What do you mean, I didn’t win? I ate more wet T-shirts than anyone else.
“Peanuts make me swell up like a beach ball”
“Is that an allergy?”
“No, simile”
Goodnight moon.
Goodnight room.
Goodnight sanctimonious people arguing on the internet
I imagine the hardest part about being vegan is getting up before sunrise to milk all of those almonds.
My body is a temple, but it’s one of those temples in Thailand where they let monkeys shit all over the place
my ex just blocked me on twitter but i’m not gonna text him to ask him why bc i’m mature, i respect his boundaries and also he’s already blocked my number.
MOM: I don’t care how old you are, you’ll always be my baby
ME [being passed around by her friends to hold] ok but this is weird, I need to get to work
Person: I evaluate the efficacy of new medications
Me: *nodding* a curator
Woman 1: you sure the left half is fine?
Woman 2: I honestly have no preference, really
Woman 1: cool ♥️ I’ll take the right, please
King Solomon: *sweating*
“This is literally the worst beer I’ve ever tasted.”
*finishes six pack*
who gives a shit about how many spiders you eat when you’re asleep? I’m worried about how many are getting into the other holes
Me: It’s a hat store, but on the blonkchain
*Investor hands me $30 million*
Investor: Wait … did you say “blonkchain”?
Me: *runs*
Call me old fashioned, but I never cry in front of another man unless it’s to get out of a speeding ticket…
At my funeral I want there to be a big ‘live laugh love’ sign with the ‘live’ crossed out
Stop blaming plate tectonics; it’s not their fault.
My password is “weak?” Well your password recovery security question is soft as shit. The city I was born in? Ask me why my mom left my dad.
I wonder if the woman sitting in front of me at this game knows I can see every sexy text she sends her man as she sits close beside her other man.
Doctor: You have acute alcoholism.
Me: Thanks, but let me tell you it’s not very cute in the morning.

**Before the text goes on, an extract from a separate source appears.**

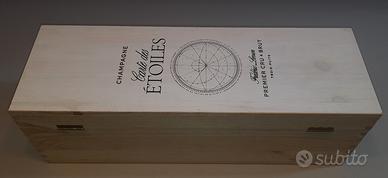 Splendida confezione/cassetta in legno originale per bottiglia Champagne Carte des Étoiles – Premier Cru Brut.

A summer getaway for women that date younger guys in the bathroom & want to learn to carve cantaloupe?
John Cougar Melon Camp
95% of your time as a parent is spent trying to figure out who broke it, who stole it and who ate it
BY THIRTY FIVE YOU SHOULD HAVE SAVED HALF OF YOUR RETIREMENT WHICH IS EASY IF YOUR RETIREMENT PLAN IS TO WADE INTO THE SEA
Moving to a new house-
Everyone: “congrats! That’s so exciting! Yay! Great news!”
My dad: “how’s the water pressure?”
When I hear my kids try to insult each other with “yo momma” jokes, I end up yelling how I’m not fat or stupid.
wife: Can you get a baking dish out of the cupboard?
me: Yep *Googles baking dish*
Mummies are just super modest zombies
A game of cat and mouse, but it’s just me chasing random strangers when I see them with donut boxes.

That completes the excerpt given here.